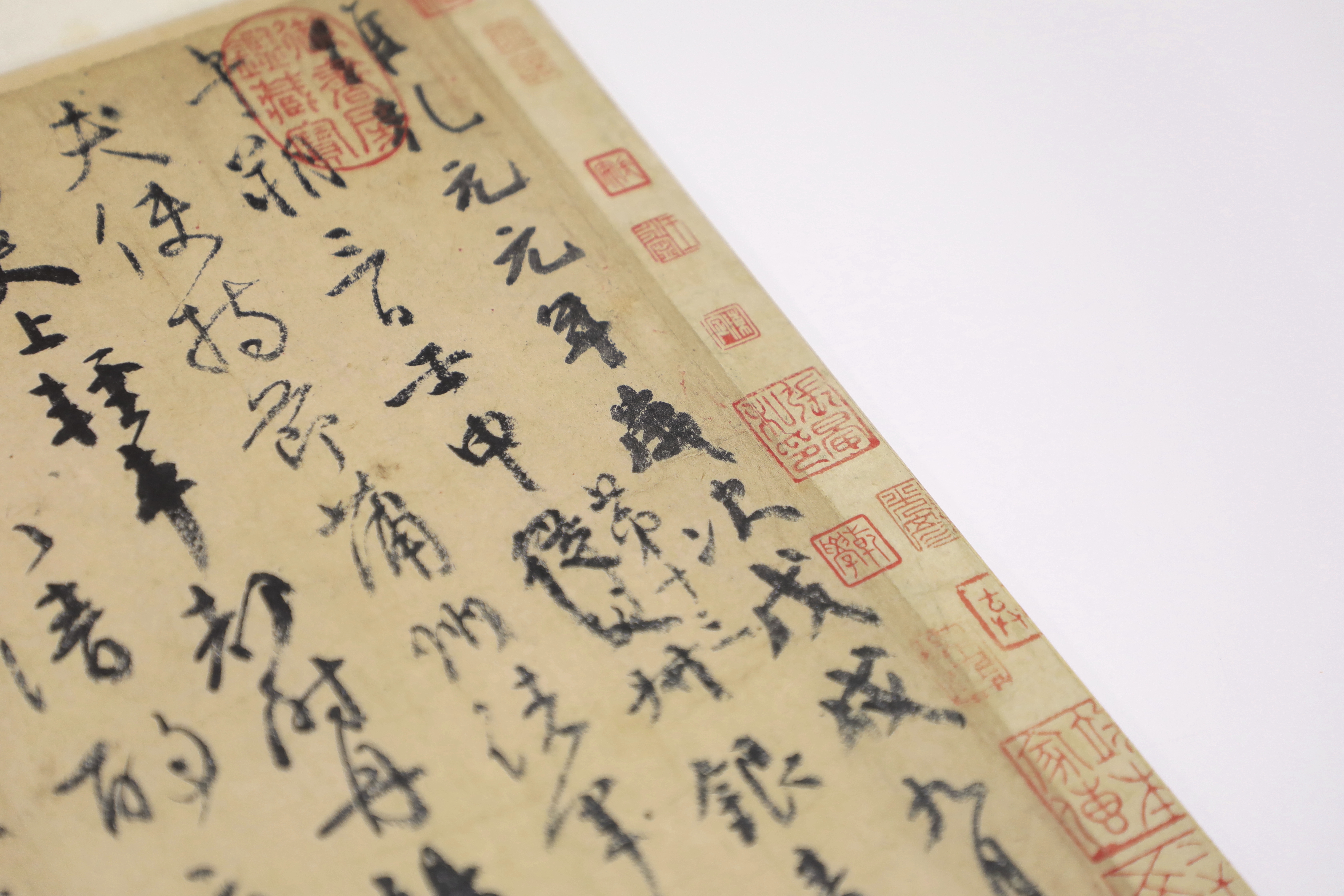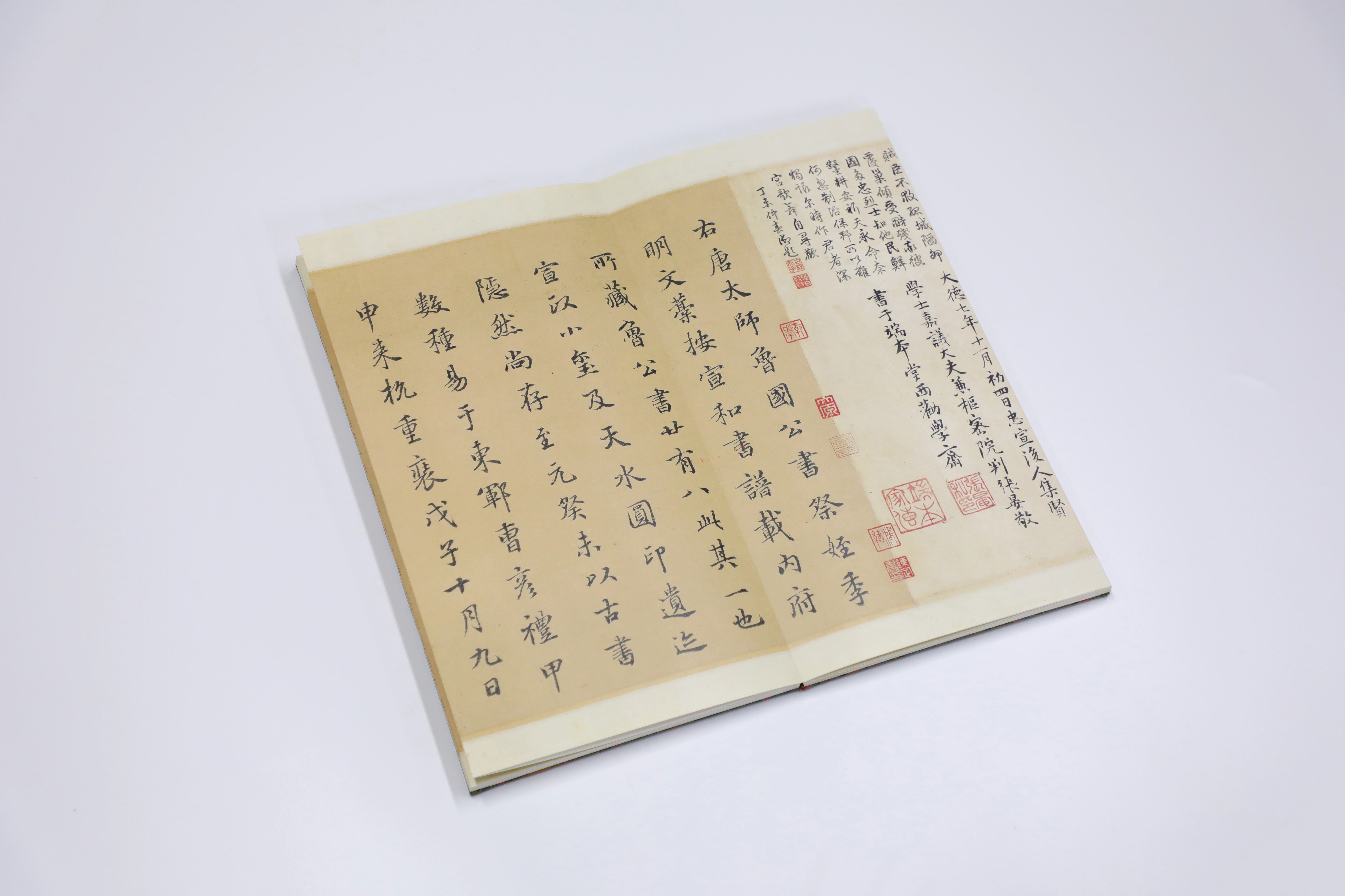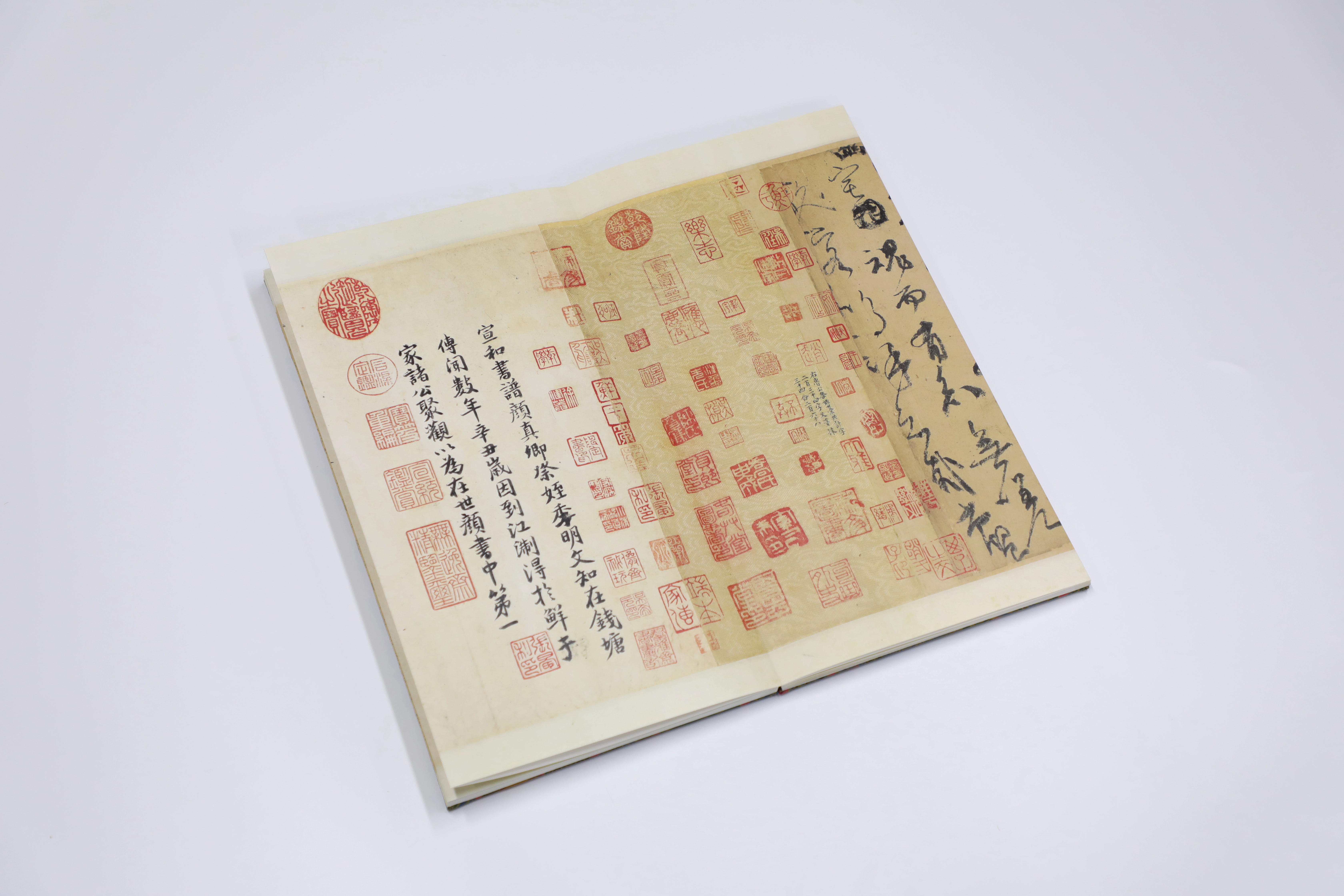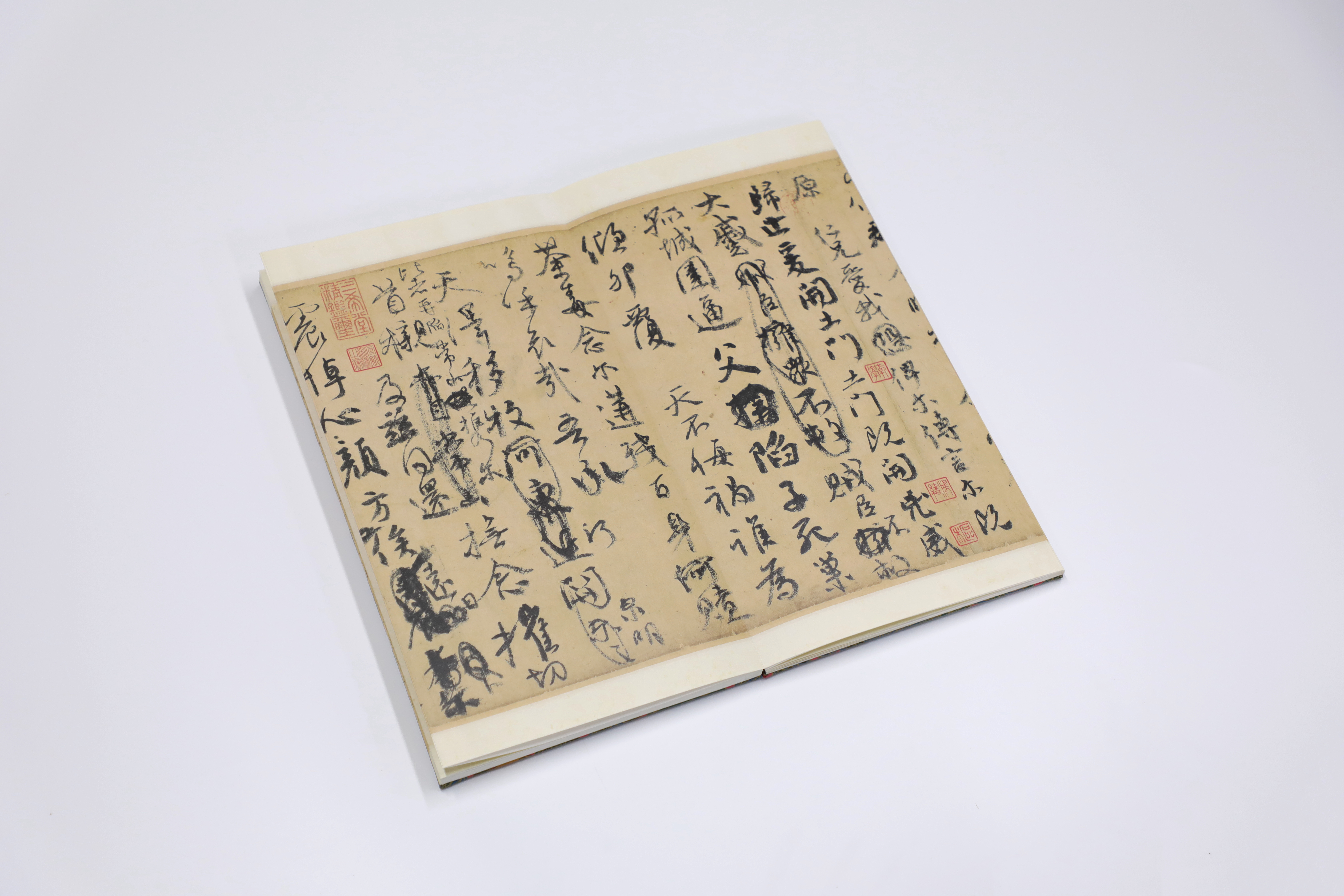 此次出版,也是《祭侄文稿》出版史上最完整的呈现,更完整地展现了作品现存状况的全貌。包括二玄社复制品中没有收录的手卷天头及隔水部分的同一纹样、不同色彩的几何花纹绫,《故宫法书新编》中没有收入的手卷天地绫边,以及便利堂复制品中鲜于枢跋后的所有题跋及尾纸,悉数收录呈现。
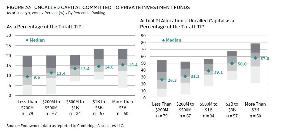 The dollar amount of unfunded commitments can be equivalent to as much as 25% or more of the portfolio’s current asset size at some endowments. On the other hand, at some smaller endowments, these commitments can be relatively small compared to the size of the investment portfolio. For endowments with assets greater than $3 billion, the median ratio of uncalled capital–to-LTIP market value was 15% at the end of fiscal year 2024. The median ratio was lowest (9%) at endowments with assets less than $200 million. When considering a measure that combines unfunded commitments with actual private allocations, these ratios were generally much higher at larger endowments than their smaller peers.
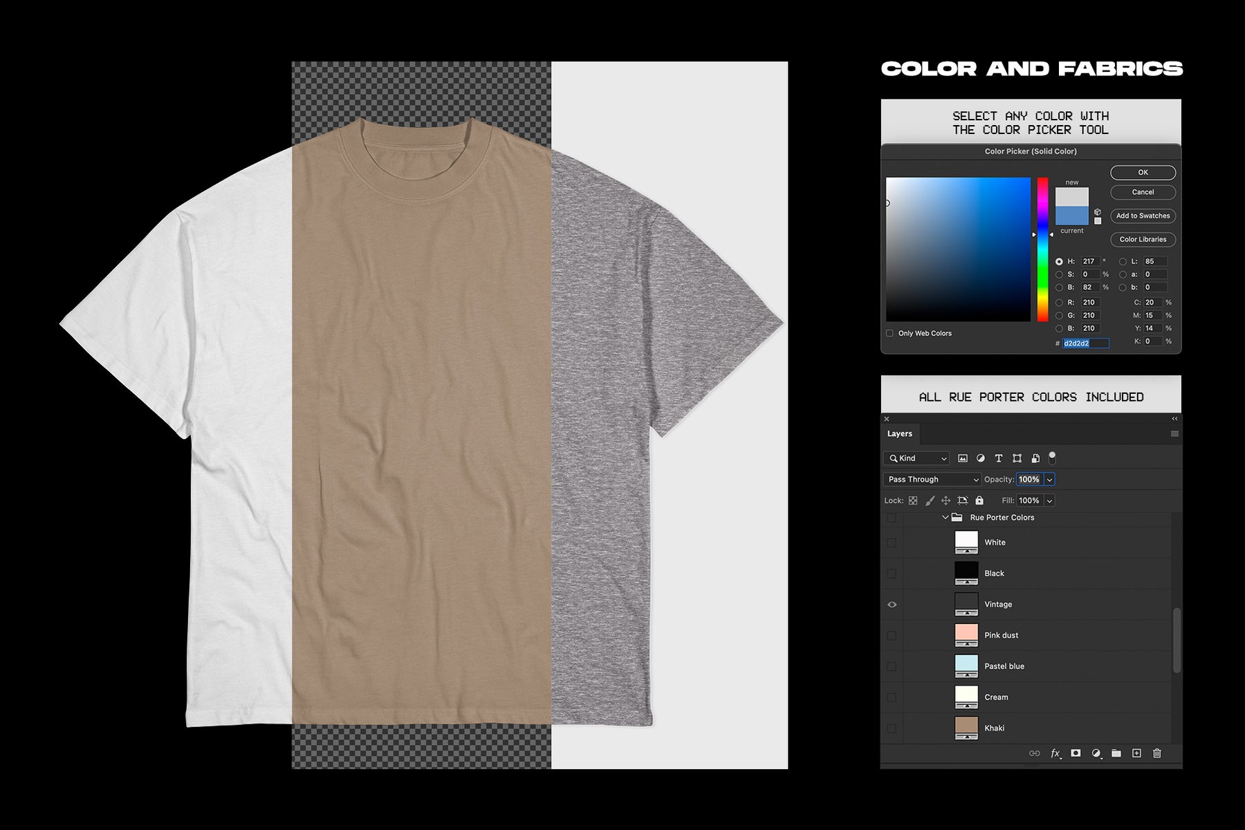 • Straight from the Real World: We’re all about keeping it real, which is why we used actual photos of the Rue Porter RP 1.0 Tee for this mockup. Photographed in a neat, flat-lay, it’s the real deal for showcasing your designs in the most genuine way possible.

_Exercise requirements_
Using the material above, set down every line exactly, but skip the pictures.

_Response to this task_
 此次出版,也是《祭侄文稿》出版史上最完整的呈现,更完整地展现了作品现存状况的全貌。包括二玄社复制品中没有收录的手卷天头及隔水部分的同一纹样、不同色彩的几何花纹绫,《故宫法书新编》中没有收入的手卷天地绫边,以及便利堂复制品中鲜于枢跋后的所有题跋及尾纸,悉数收录呈现。
 The dollar amount of unfunded commitments can be equivalent to as much as 25% or more of the portfolio’s current asset size at some endowments. On the other hand, at some smaller endowments, these commitments can be relatively small compared to the size of the investment portfolio. For endowments with assets greater than $3 billion, the median ratio of uncalled capital–to-LTIP market value was 15% at the end of fiscal year 2024. The median ratio was lowest (9%) at endowments with assets less than $200 million. When considering a measure that combines unfunded commitments with actual private allocations, these ratios were generally much higher at larger endowments than their smaller peers.
 • Straight from the Real World: We’re all about keeping it real, which is why we used actual photos of the Rue Porter RP 1.0 Tee for this mockup. Photographed in a neat, flat-lay, it’s the real deal for showcasing your designs in the most genuine way possible.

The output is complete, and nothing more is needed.